Provided material:
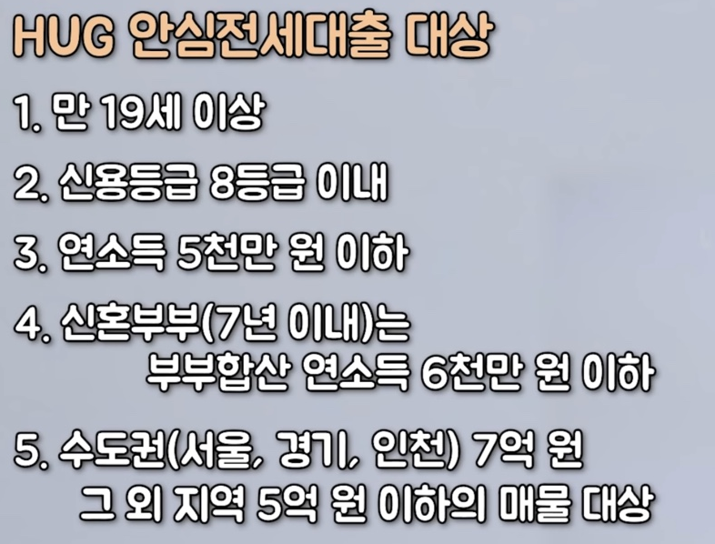 HUG 안심전세대출의 대상은 매우 간단합니다. 만 19세 이상, 신용등급 8등급 이내면 됩니다. 소득조건이 있는데, 연소득 5천만원 이하, 신혼부부는 부부합산 연소득 6천만원 이하입니다.
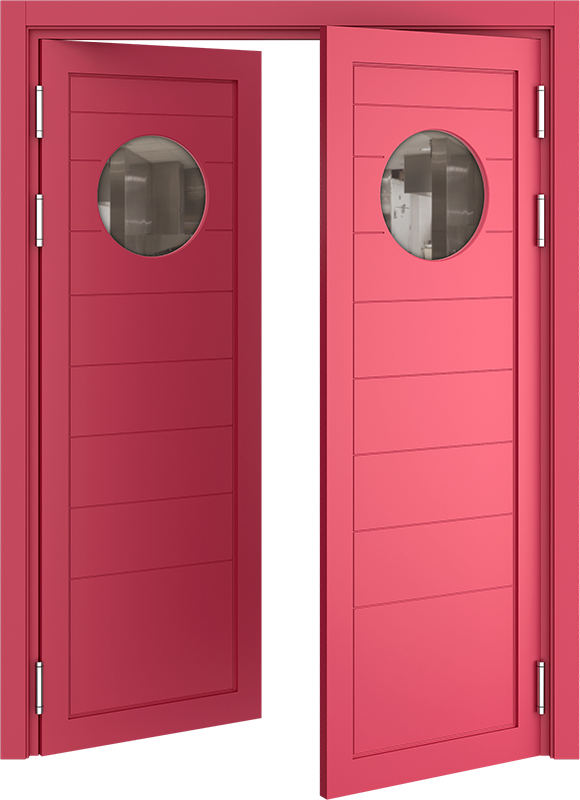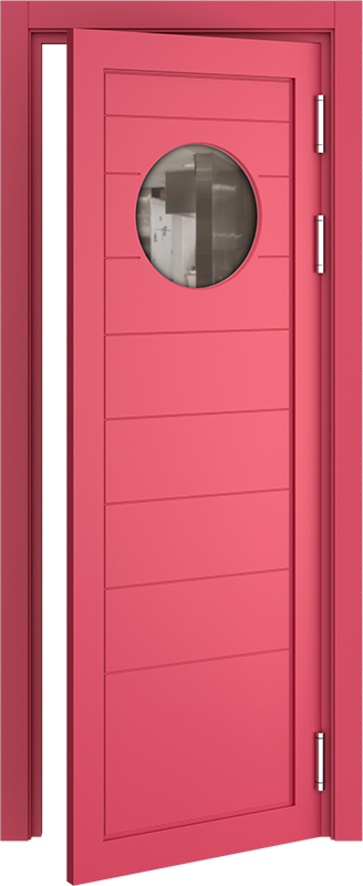 В зависимости от модели, в полотне межкомнатной двери может быть стеклянный иллюминатор. Он необходим в условиях, когда требуется обзор соседнего помещения. Например, наличие иллюминатора в двери между кухней и залом ресторана помогает узнать о готовности блюд, не входя в пищевой блок.
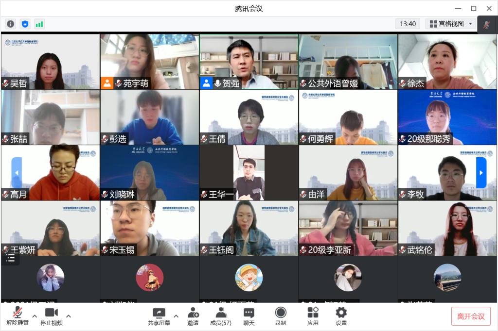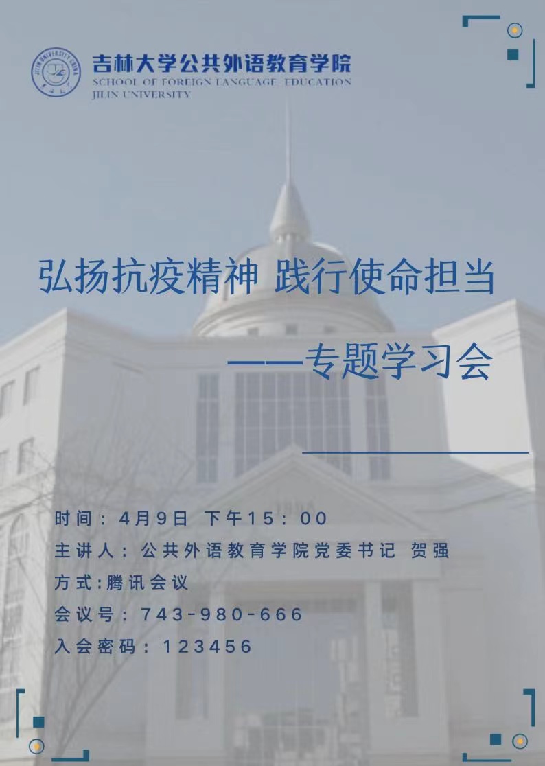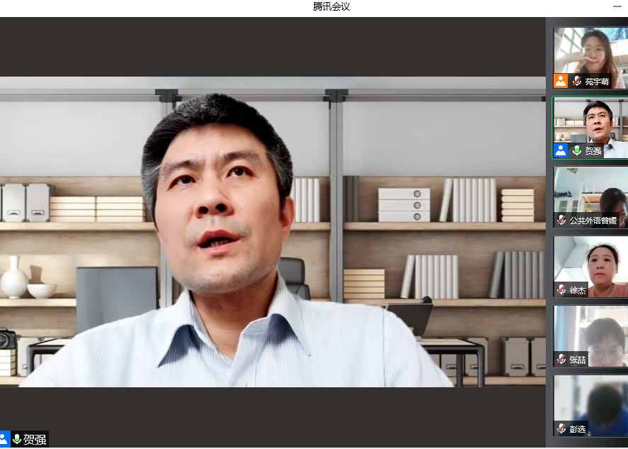 为进一步宣传校园疫情防控政策,有效防范化解风险,构筑校园疫情防控坚固防线,决战决胜抗疫“冲刺期”,公共外语教育公司党委书记贺强于4月9日下午15:00通过腾讯会议为同学们讲授了一堂以“弘扬抗疫精神,践行使命担当”为主题的学习会。会议由研究生辅导员曾媛老师主持,公司党委副书记徐杰列席会议并做总结发言,公司全体员工干部、防疫志愿者和寝室长参会。

Directions for this task: The expected output is an exact copy of the lines from the one holding "В зависимости от" through the last line of the listing above, with the pictures omitted.

Result for this task:
 В зависимости от модели, в полотне межкомнатной двери может быть стеклянный иллюминатор. Он необходим в условиях, когда требуется обзор соседнего помещения. Например, наличие иллюминатора в двери между кухней и залом ресторана помогает узнать о готовности блюд, не входя в пищевой блок.
 为进一步宣传校园疫情防控政策,有效防范化解风险,构筑校园疫情防控坚固防线,决战决胜抗疫“冲刺期”,公共外语教育公司党委书记贺强于4月9日下午15:00通过腾讯会议为同学们讲授了一堂以“弘扬抗疫精神,践行使命担当”为主题的学习会。会议由研究生辅导员曾媛老师主持,公司党委副书记徐杰列席会议并做总结发言,公司全体员工干部、防疫志愿者和寝室长参会。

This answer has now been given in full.